··· DATA SHOWN ···

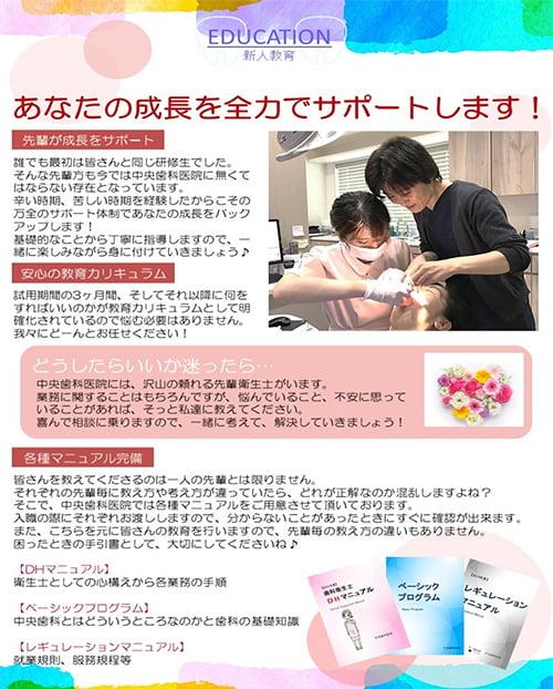 中央歯科医院にはさまざまな部署があり、それぞれにスペシャリストがいます。先輩はみんな指導熱心ですので、さまざまな技術について学べることと思います。また、当院にはマニュアルが完備されており、マニュアルに沿って勉強・練習をすれば、だれでも一流の歯科衛生士になれるよう、教育カリキュラムが組まれています。
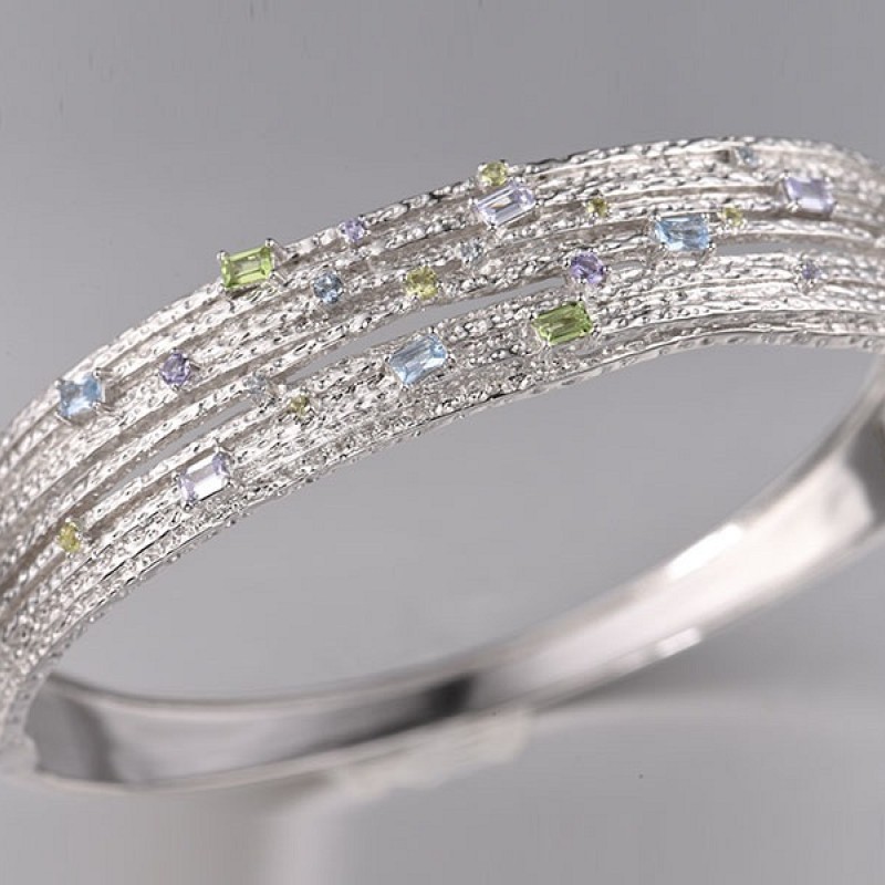 Sterling Silver Bangle Blue Spinel,Created Purple Nano Spinel,Dark Purple CZ,Green Nano Cubic Zirconia (Per (G315652BGNPSL925)
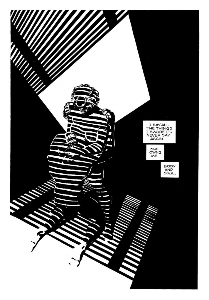 Of course in the same way that Watchmen and The Dark Knight Return spewed multiple countless imitators that could only grok the surface details and so started to churn out superhero stories with lots of swearing and unpleasant violence and sexual assault (BIF! POW! BAM!) Sin City basically birthed a whole comics industry where the basic idea wasn’t really much more than taking an Elmore Leonard book and adding pictures (yeah Ed Brubaker I’m looking at you) but compared to the experience of reading Sin City which is akin to chugging a whole pint of vodka straight out of the bottle the likes of Criminal feel more like taking little careful sips from a juicebox. I can’t remember where I read that the point of a story isn’t what it is but how it is. And yeah it’s a big part of Sin City that it’s about the underbelly and life on the wrong side of the tracks and punching and crime and guns and sexy ladies dressed in sexy outfits and all the rest of it. But more importantly it’s about how it is – how Miller likes to prolong the moment that Marv falls out of a window so that it lasts three pages. How the black and white cut across each other the blades of a knife. How the shadows fall across the brickwork. And how spooky is it that there’s a character who makes no sound even tho (as it’s a comic book) none of the characters make a sound.
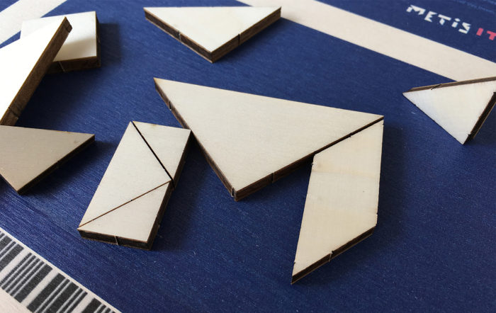 Relaties ontvangen een tangram puzzel. Door die te maken beleven ze zelf de metafoor voor het werk van Metis IT. Zo komt het merkconcept en de identiteit tot leven! De puzzel is direct geprint op hout en de uitgekiende laserstans maakt dat de vormen makkelijk uit te drukken zijn.
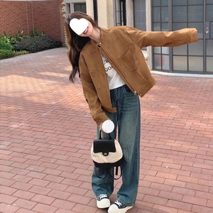 美拉德棕色夹克外套女麂皮绒春秋新款韩版宽松休闲百搭立领上衣潮
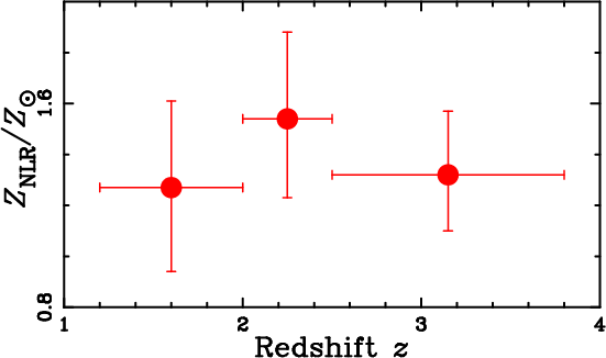 - The non-evolution in the gas metallicity of the NLRs implies that the major epoch of star formation in the host galaxies is at z > 5;
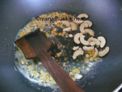 4.Add cashews too along with dals and when golden add ground mixture.
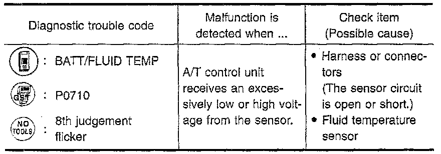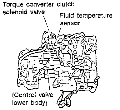 The fluid temperature sensor detects the ATF temperature and sends a signal to the A/T control unit.
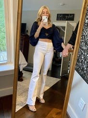 Comfortable and flattering. Love the cut outs and the back is sexy too! A fun date night choice with high waisted jeans.
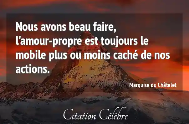 Nous avons beau faire, l'amour-propre est toujours le mobile plus ou moins caché de nos actions.
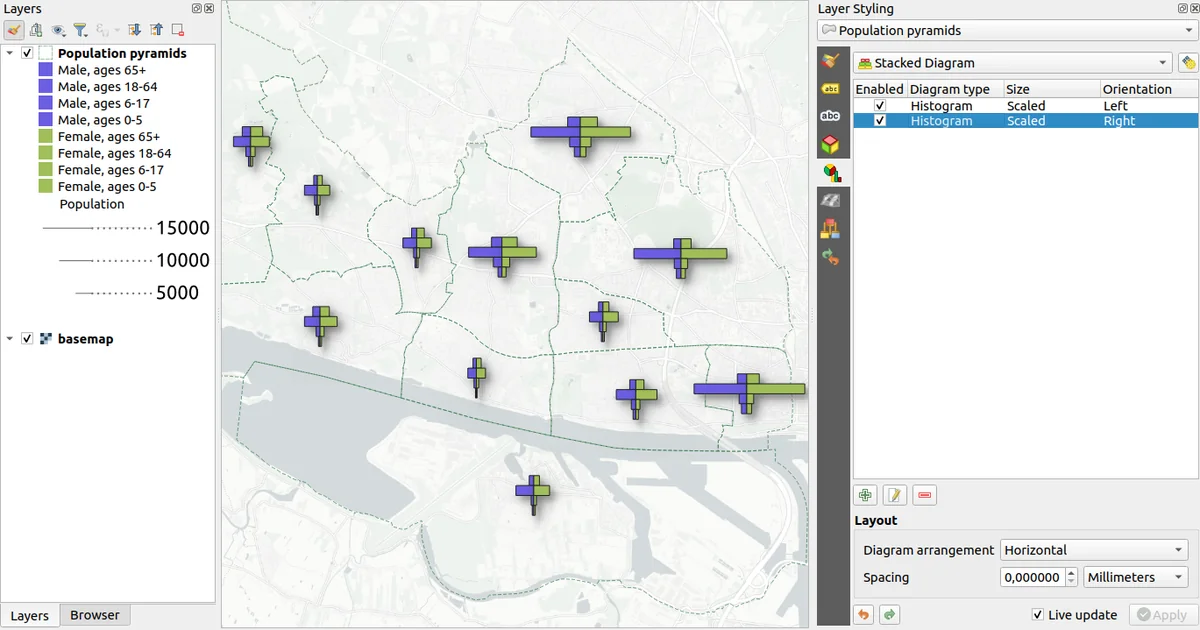 • When using the distance-based placement or labels, the distances are calculated using 2D only, Cartesian calculations based on the original layer CRS. This could potentially be extended in future to expose options for 3D Cartesian distances, or ellipsoidal distance calculations.
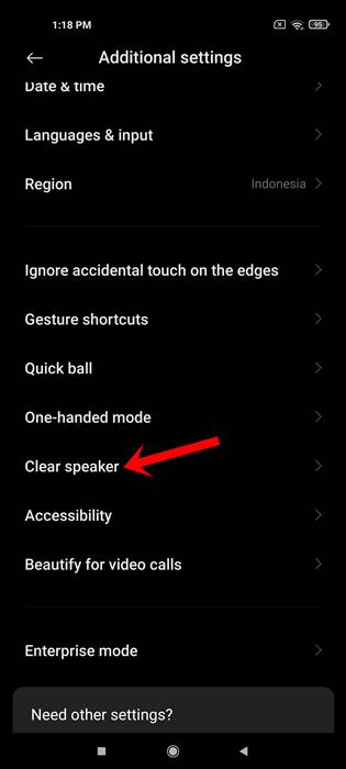 - Di dalam Additional Settings, Anda akan menemukan fitur Clear Speaker.

···

### PROBLEM
Retype, exactly as written, each line from the one containing "美拉德棕色夹克外套女麂皮绒春秋新款韩版宽松休闲百搭立领上衣潮" through the end of the data above, and leave out every picture.

### REPLY
 美拉德棕色夹克外套女麂皮绒春秋新款韩版宽松休闲百搭立领上衣潮
 - The non-evolution in the gas metallicity of the NLRs implies that the major epoch of star formation in the host galaxies is at z > 5;
 4.Add cashews too along with dals and when golden add ground mixture.
 The fluid temperature sensor detects the ATF temperature and sends a signal to the A/T control unit.
 Comfortable and flattering. Love the cut outs and the back is sexy too! A fun date night choice with high waisted jeans.
 Nous avons beau faire, l'amour-propre est toujours le mobile plus ou moins caché de nos actions.
 • When using the distance-based placement or labels, the distances are calculated using 2D only, Cartesian calculations based on the original layer CRS. This could potentially be extended in future to expose options for 3D Cartesian distances, or ellipsoidal distance calculations.
 - Di dalam Additional Settings, Anda akan menemukan fitur Clear Speaker.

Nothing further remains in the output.